The bacterial ampicillin resistance transposon Tn3 encodes a site-specific recombination system which mediates the second step in its transposition pathway: the resolution of cointegrates (Arthur and Sherratt (1979) Mol.gen.Genet. 175, 267-274). It vitro analysis has shown that this recombination system is simple: dependent on the transposon encoded resolvase protein acting at res, a site required in cis(Reed (1981) Cell 25, 713-719). Resolvase binds at res at three sites (Grindley et al (1982) Cell 30, 713-719). res was defined to a region of 139bp by in vivo analysis, which confirms that the extent of DNA bound by resolvase in vitro constitutes res. Truncated res regions have been analysed for resolvase binding and function. The results confirm the importance of a sequence determinant for resolvase binding, suggest non-cooperative binding at each of the three sites, but cooperativity for binding at both half-sites of the individual binding sites. In terms of function a truncated res region was shown to have secondary site, activity in that it could recombine with res-wt but not efficiently with itself.
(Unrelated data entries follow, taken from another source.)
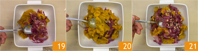 À ce stade, transférez à la fois la courge et l'oignon dans un plat allant au four, en alternant les couches 19 20 21. Placez au réfrigérateur et laissez reposer entre 6 et 12 heures, pour bien amalgamer les saveurs.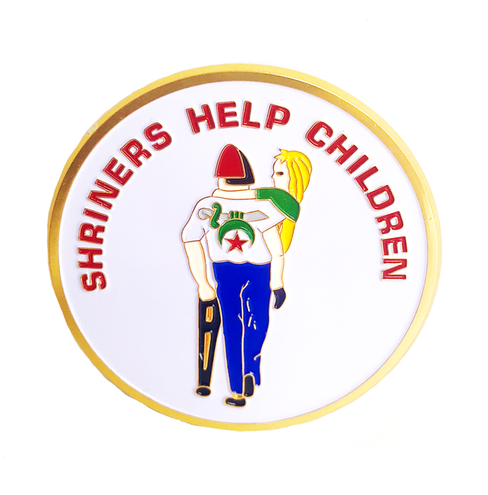 This Shriners help children car emblem has a white background with the wording, Shriners Help Children, across the top in red. The car emblem is made out of long lasting aluminum and has a self adhesive backing. It measures 3 inches.
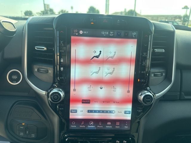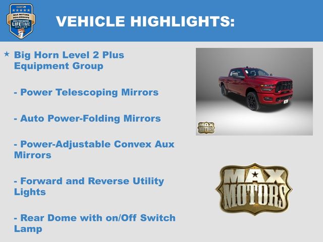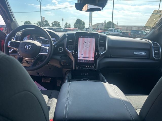 115V Auxiliary Rear Power Outlet, 12" Touchscreen Display, 2 Way Rear Headrest Seat, 4 Way Front Headrests, 400W Inverter, 4G LTE Wi-Fi Hot Spot, Active Lane Management System, Adaptive Steering System, Anti-Spin Differential Rear Axle, Apple CarPlay, Auto High Beam Headlamp Control, Auto Power-Folding Mirrors, Auto-Dimming Rear-View Mirror, Big Horn Level 2 Plus Equipment Group, Black Exterior Mirrors, Black Exterior Truck Badging, Black Interior Accents, Black Wheel Center Hub, Body Color Grille-Surround, Bucket Seats, Cluster 7.0" TFT Color Display, Cold Weather Group, Connectivity - US/Canada, Dampened Tailgate, Disassociated Touchscreen Display, Drowsy Driver Detection, Dual Glove Boxes, Dual Wireless Charging Pad, Emergency Vehicle Alert System (EVAS), Engine Block Heater, Exterior 115V AC Outlet, Exterior Mirrors Courtesy Lamps, Folding Flat Load Floor Storage, Footwell Courtesy Lamp, For Details, Visit DriveUconnect.com, For More Info, Call 800-643-2112, Front Seat Back Map Pockets, Full Length Upgraded Floor Console, Gloss Black Nostrils/Mic Black Grille, Glove Box Lamp, Google Android Auto, GPS Antenna Input, GPS Navigation, HD Radio, Heated Front Seats, Heated Steering Wheel, LED Bed Lighting, LED Tail Lamps, Locking Lower Glove Box, Luxury Steering Wheel, Manual Adjust 4-Way Front Passenger Seat, Mirror Running Lights, MOPAR Deployable Bed Step, MOPAR Winter Front Grille Cover, Night Edition, Off-Road Info Pages, Painted Front Bumper, Painted Rear Bumper, Power 2-Way Driver Lumbar Adjust, Power Adjust 8-Way Driver Seat, Power Adjust Mirrors, Power Adjustable Pedals, Power Heated Folding Telescopic Mirrors, Power Telescoping Mirrors, Power-Adjustable Convex Aux Mirrors, Premium Cloth Bucket Seats, Quick Order Package 24Z Big Horn, Rain Sensitive Windshield Wipers, Rear 60/40 Folding Seat, Rear Power Sliding Window, Red Tail Lamp Bezels, Remote Start System, Selectable Tire Fill Alert, SiriusXM Radio Service, Steering Wheel Mounted Audio Controls, Surround View Camera System, Traffic Sign Recognition, Trailer Reverse Guidance, Trailer Tire Pressure Monitoring System, Trailer Tow Pages, Universal Garage Door Opener, Wheels: 20" x 8.0" Black Painted Aluminum.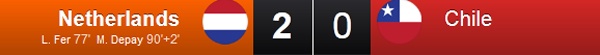 Kết thúc trận đấu, ĐT Hà Lan đánh bại Chile với tỷ số 2-0.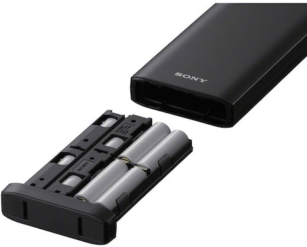 The Sony FA-EBA1 External Battery Pack is powered by four or eight AA batteries, which aren’t included with this rental. Rechargeable AA Battery 8-Pack Travel Kit is available as a separate rental item.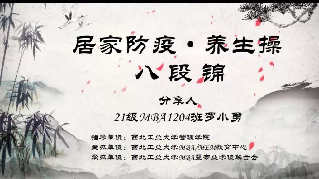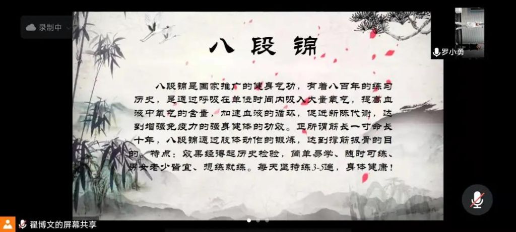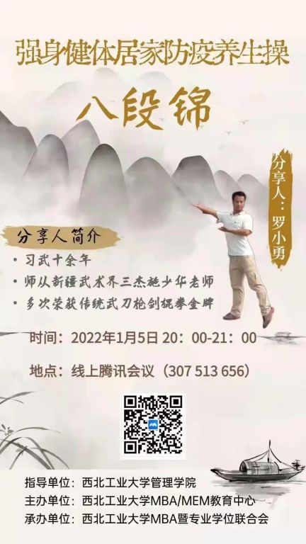 1月5日晚,MBA暨专业学位联合会通过腾讯会议组织开展《强身健体居家防疫养生操--八段锦》“云锻炼”分享会。此次分享会邀请到2021级MBA1204班罗小勇同学进行分享,为管理学院专业学位师生带来一场视觉盛宴,带领我们走进“八段锦”的养生世界。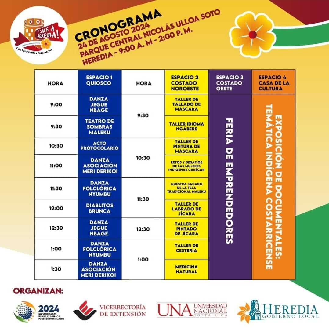 La Rectoría, el programa UNA-Vinculación y la Vicerrectoría de Extensión de la Universidad Nacional (UNA), en colaboración con la Municipalidad de Heredia, tienen el gusto de invitar a la comunidad herediana y público en general a disfrutar del Festival de Pueblos Originarios UNA-2024, el cual se desarrollará este sábado, 24 de agosto de 2024, en la Casa de la Cultura Alfredo González Flores, en horario de 9:00 am a 11:30 am.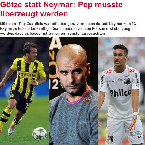今年随着拜仁宣布瓜迪奥拉将在下赛季上任,不少球星都和拜仁传出了转会绯闻。一度有传闻说,巴西新星内马尔和拜仁走的很近,将会加盟拜仁。但最终内马尔还是加盟了巴萨,并没有来到拜仁。近日拜仁主席赫内斯透露,原本拜仁新帅瓜迪奥拉表态称希望内马尔加盟球队,但拜仁高层用曾经买南美球员失败的例子说服了他。最终拜仁转攻德国本土球员,以3700万欧元的价格买断了多特蒙德超新星格策的合约。比起身价5400万欧元,还不一定适应欧洲联赛的内马尔,拜仁这次显然做出了正确的决定。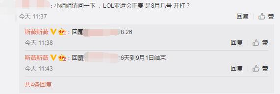 另外,小姐姐还透露,LOL亚运会正式比赛的时间是在8月26日开赛,到9月1日结束。如无意外和不可抗力发生,基本就是这个时间了!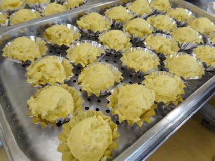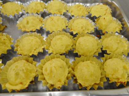ミニマドレーヌカップに分けて、オーブンでこんがり焼きます。外はさっくり、中はしっとりしたおいしいスイートポテトに仕上がりました。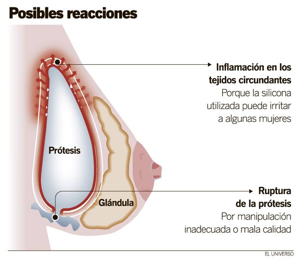 “Si la prótesis se rompe o se le hace un pequeño orificio –filtración– por alguna manipulación inadecuada o por ser de mala calidad, el contenido de este puede salir y esparcirse en los tejidos circundantes”. Si es solución salina provocará inflamación y reabsorción, pero si es gel de silicona podría causar el aparecimiento de siliconomas, inflamación e infección crónica a más de deformidad y asimetría mamaria”.

The difference in primary and secondary res sites is the presence of resolvase binding site III in the former. This binding site can be reintroduced at a different position to a truncated res to partially reconstitute primary site activity. The normal cointegrate substrate contains directly repeated copies of res. Inversion substrates, containing two inverted res regions, were analysed for recombination. Inversion is approximately 50 times less efficient than resolution. This rate is comparable to that of resolution of a substrate containing directly repeated secondary res-regions. These results, taken in context with evidence from other workers on both Tn3 encoded site-specific recombination and bacteriophage lambda site-specific recombination, suggest that the mechanism by which two res regions are brought together prior to recombination is determined by the higher-order structure formed by resolvase and res.

Item Type: Thesis (PhD)
Qualification Level: Doctoral
Subjects: Q Science > QH Natural history > QH345 Biochemistry
Colleges/Schools: College of Medical Veterinary and Life Sciences
Supervisor's Name: Sherratt, Professor David
Date of Award: 1984
Depositing User: Enlighten Team
Unique ID: glathesis:1984-71767
Copyright: Copyright of this thesis is held by the author.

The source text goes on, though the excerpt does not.